The vision: enforcement, automated — under human supervision

From today's order board to full orchestration of judgment enforcement, in three phases. For investors, regulators and partners.

Phase 1 — today: AI suggests, humans confirm

The marketplace already puts four AI assistants to work, all bound by the same invariant: AI proposes, a human decides. In a legal-enforcement context, that guardrail is non-negotiable.

  • Document intake — AI flags defects (invalid address, incomplete package, wrong jurisdiction) before a bailiff has to reject.
  • Smart matching — suggests the best bailiff by territory and order type; assignment stays human.
  • Admin copilot — drafts ticket replies; the admin reviews, edits and sends.
  • Listing optimizer — sharper titles and descriptions; the client confirms before publishing.

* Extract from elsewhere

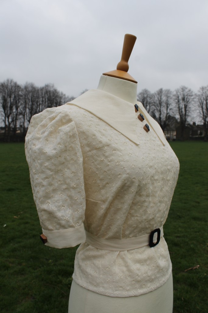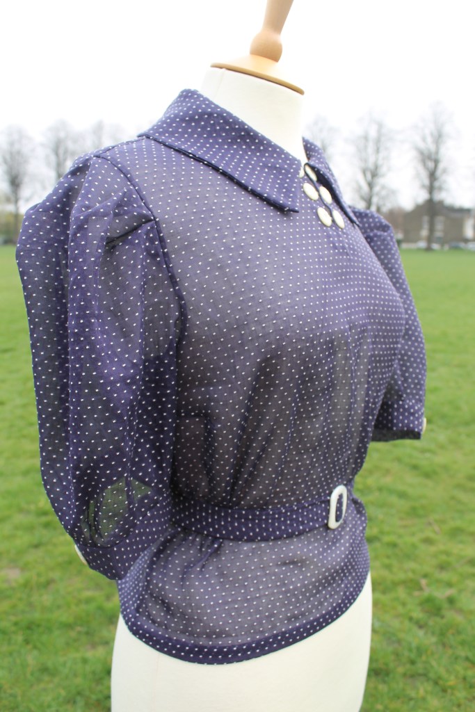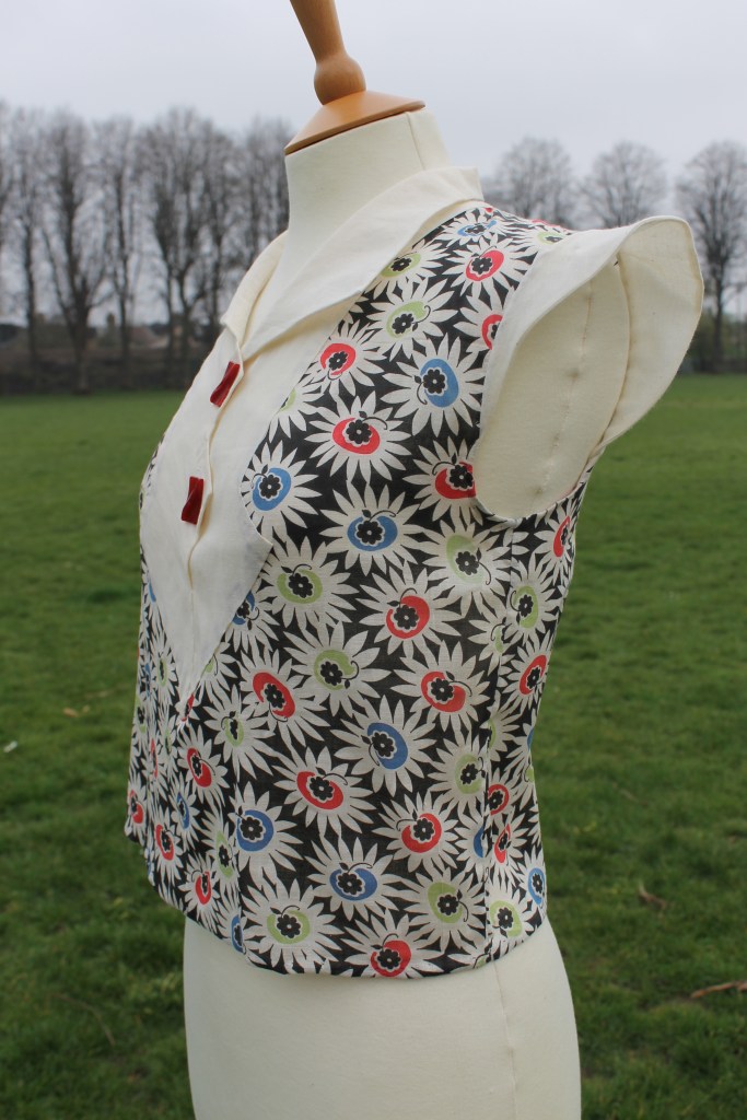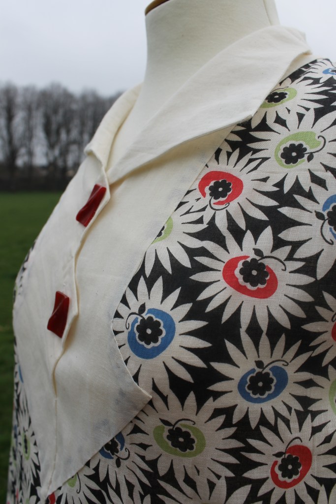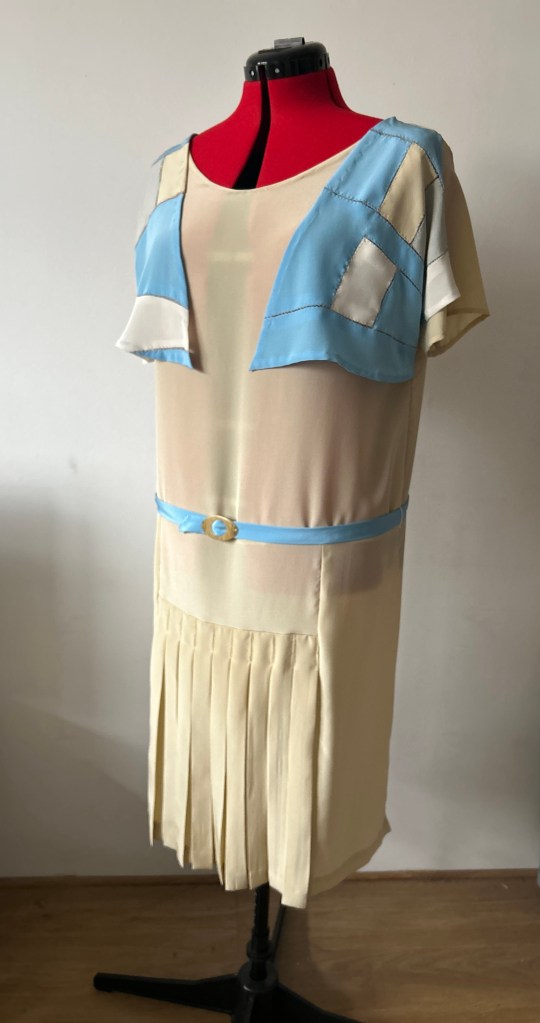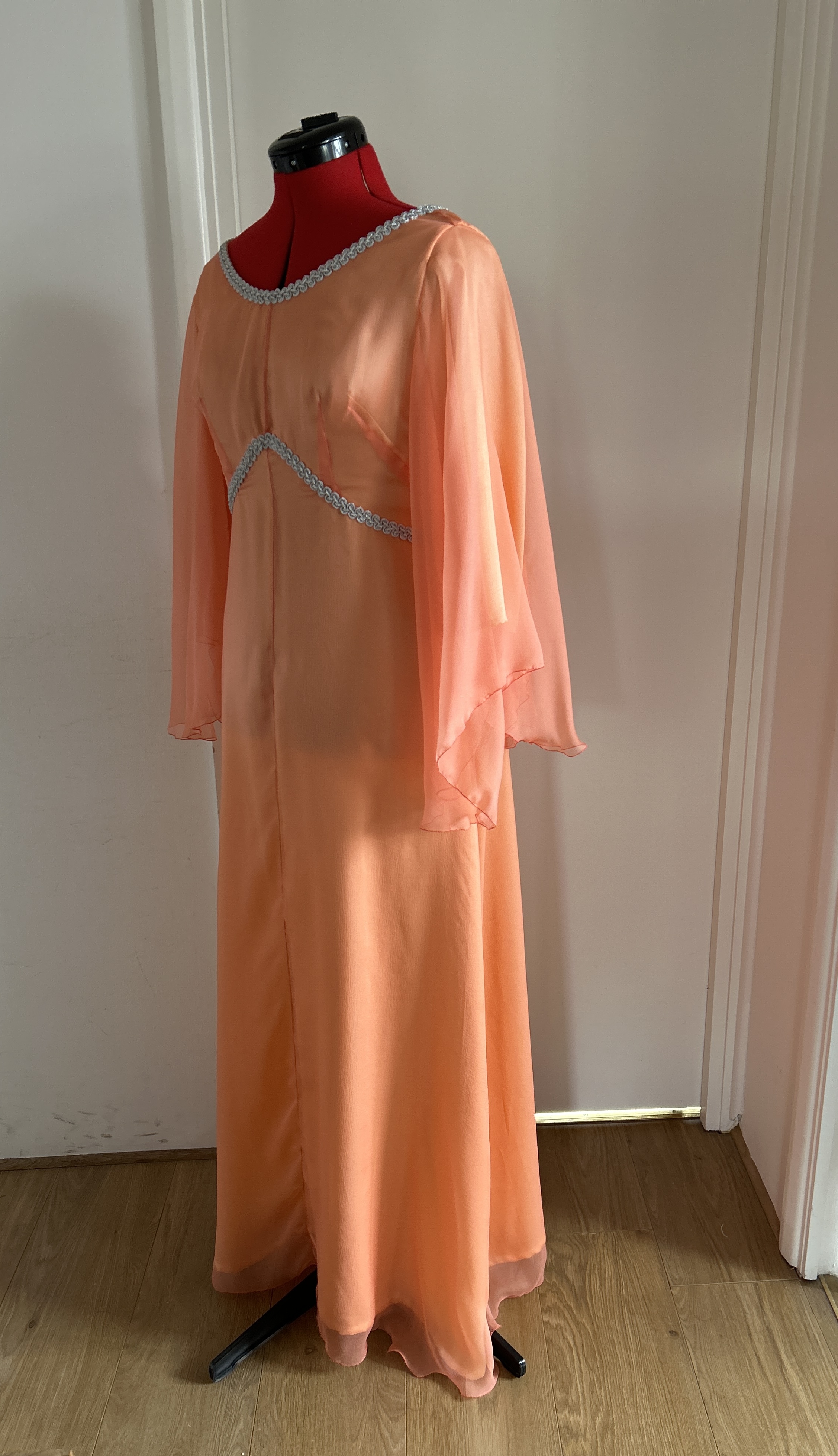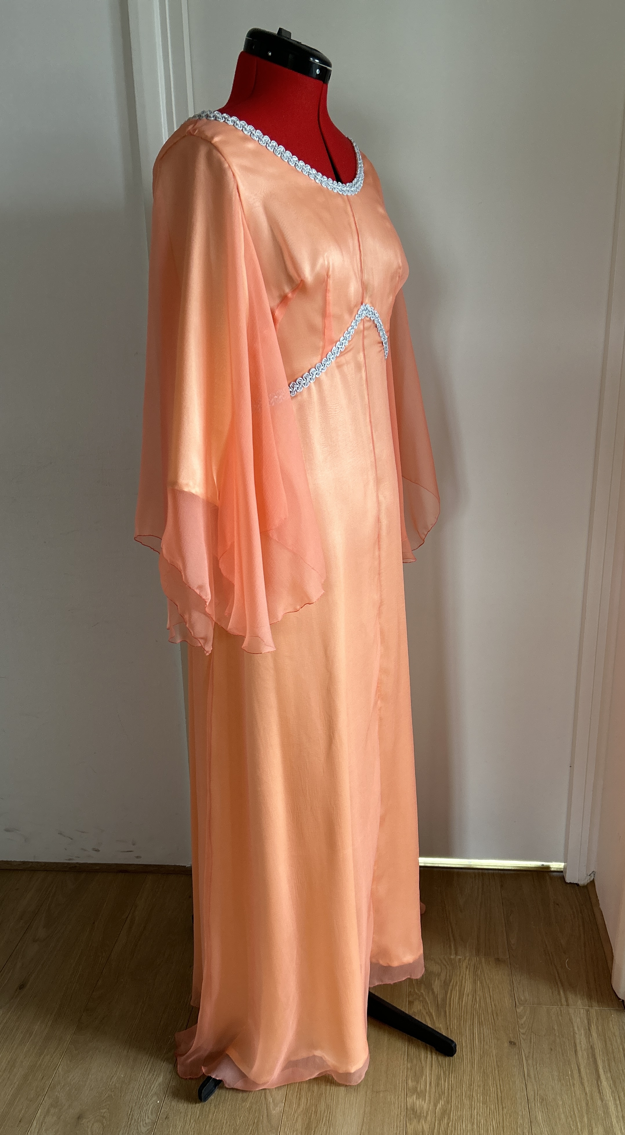 There is a slight Ancient Grecian feel to it, favoured by the designers in the 1930s, combined with the art deco style of the period, here the bias cut gown with the asymmetric diagonally cut neckline and the diagonally cut panels in bodice and skirt forming a peak at the left side of the waistline, a feature very typical of the era. With two deep long darts along the sides of the bodice and low cut back.

Phase 2 — assisted automation

Suggestions become flows: auto-validated intake with sampled human review, rule-pre-approved matching (territory, workload, deadlines), ticket routing, and structured proofs of service (timestamps, geolocation) filed to the matter.

Phase 3 — end-to-end orchestration

From judgment to completed enforcement: orders generated from the case file, supervised auto-dispatch, realtime tracking for the citizen, the bailiff and the court, and an immutable audit log at every step. Humans keep a stop switch at every level.

Why this sequence

Judgment enforcement is the most manual link in Québec's justice chain. Starting with organization (phase 1) builds the structured data that makes phases 2 and 3 possible — and auditable. Each phase is validated with the Barreau, the Chambre des huissiers and the relevant authorities before advancing.